William Whiteman Fosdick (January 28, 1825 – March 8, 1862) was an American lawyer, poet, writer and song lyricist, primarily remembered today as the writer of original lyrics to the song "Aura Lea" (also known as "Aura Lee") to a melody composed by George R. Poulton.

==Biography==
Fosdick was born in Cincinnati, Ohio, the son of Thomas K. Fosdick and Julia Drake (1800–1832). His father was a local merchant and banker, while his mother a noted stage actress who came from a British theatrical family. His grandfather, Samuel Drake (née Bryant?), came to America in 1810 and is thought to have been the first to bring a theatre troupe west of the Appalachians. Fosdick's half-sister, from a later marriage, was the popular stage actress, Julia Dean. Fosdick's father died in 1829 and his mother three years later.

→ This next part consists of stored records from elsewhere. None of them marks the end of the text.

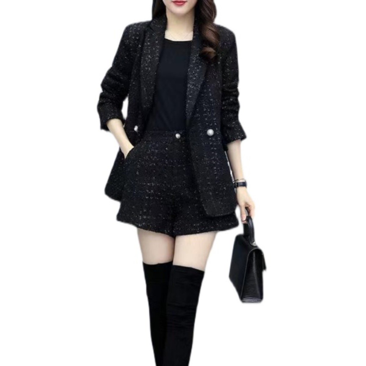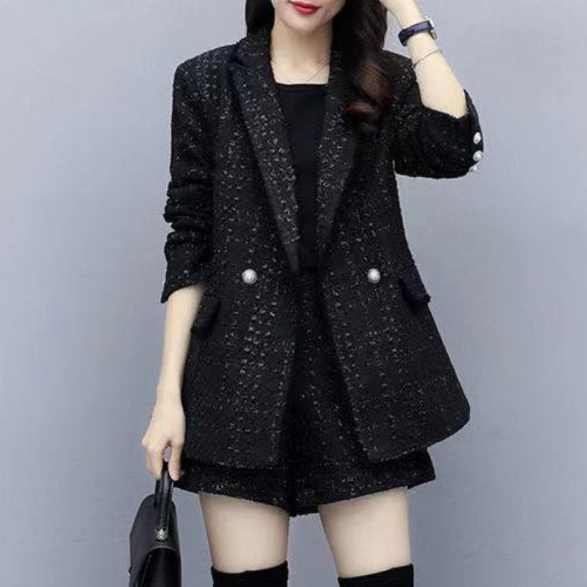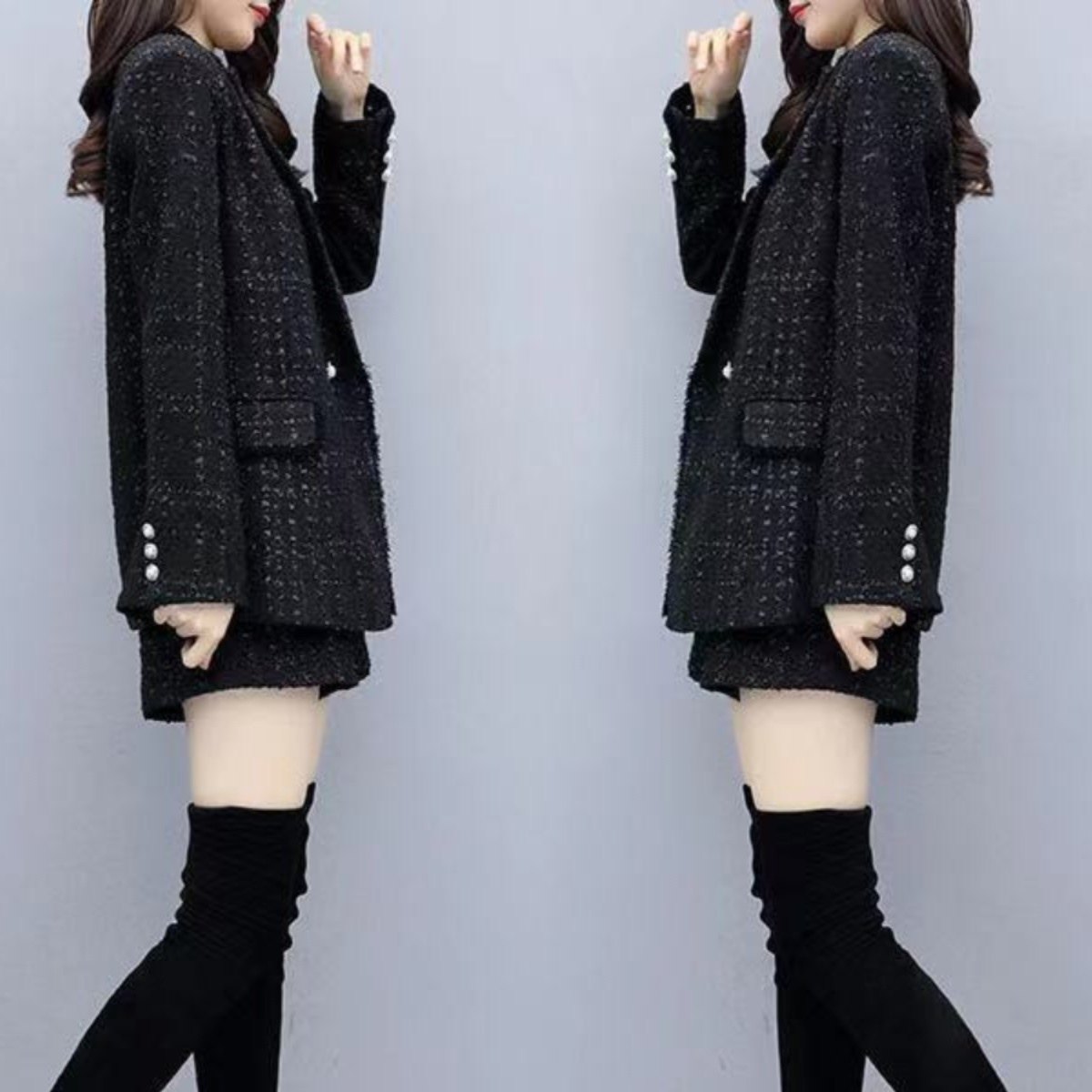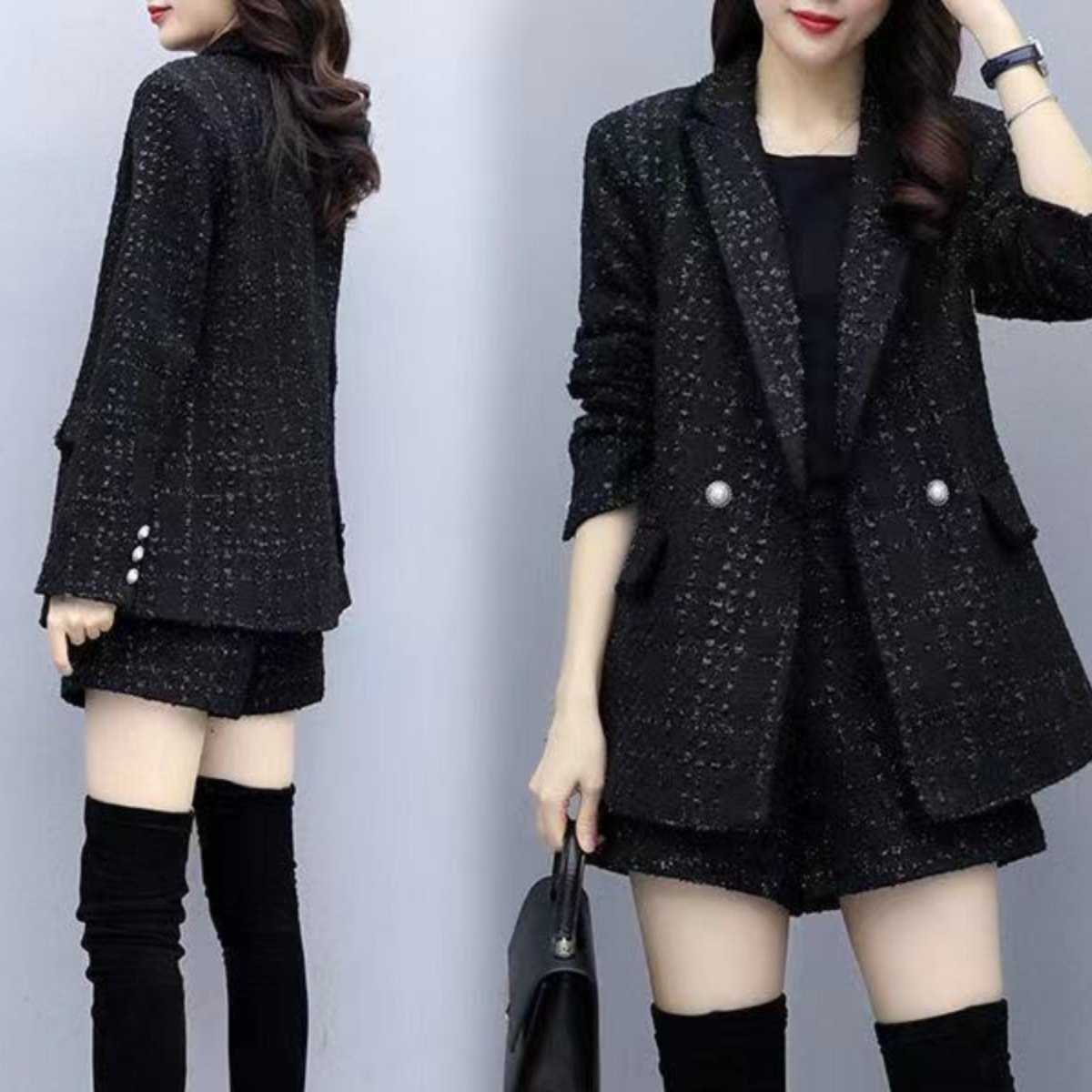 西装外套胖妹妹小香风短裤套装
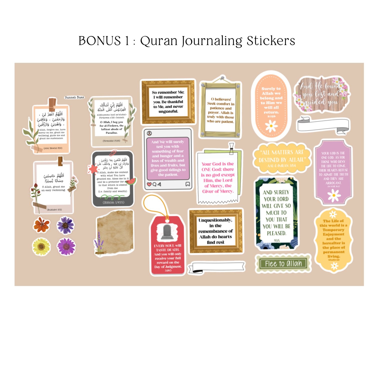 - Colorful Quran journaling stickers to make your journaling experience even more fun and engaging.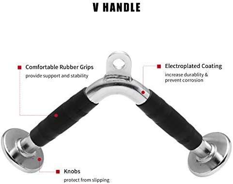 V Handle with Rotation(Double D Handle) – Constructed of high-quality solid steel with polished chrome finish.Textured rubber coating handle,provides ergonomic & secured grip during workout, provides a balanced force to both arms when attach it to any gym machine.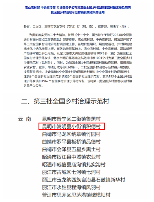 近日,云南省嵩明县小街镇积德村获评“第三批全国乡村治理示范村”,再提一块国家级“金招牌”。

After graduating from Transylvania University, Lexington, Kentucky he studied law under the jurist Garnett Duncan in Louisville and later a Judge Pryor. Fosdick first set up a law practice in Covington, Kentucky with a lawyer named James Southgate and a short while later returned to Cincinnati to enter into a law partnership with George C. Williamson. In the early 1850s Fosdick moved his law practice to New York City.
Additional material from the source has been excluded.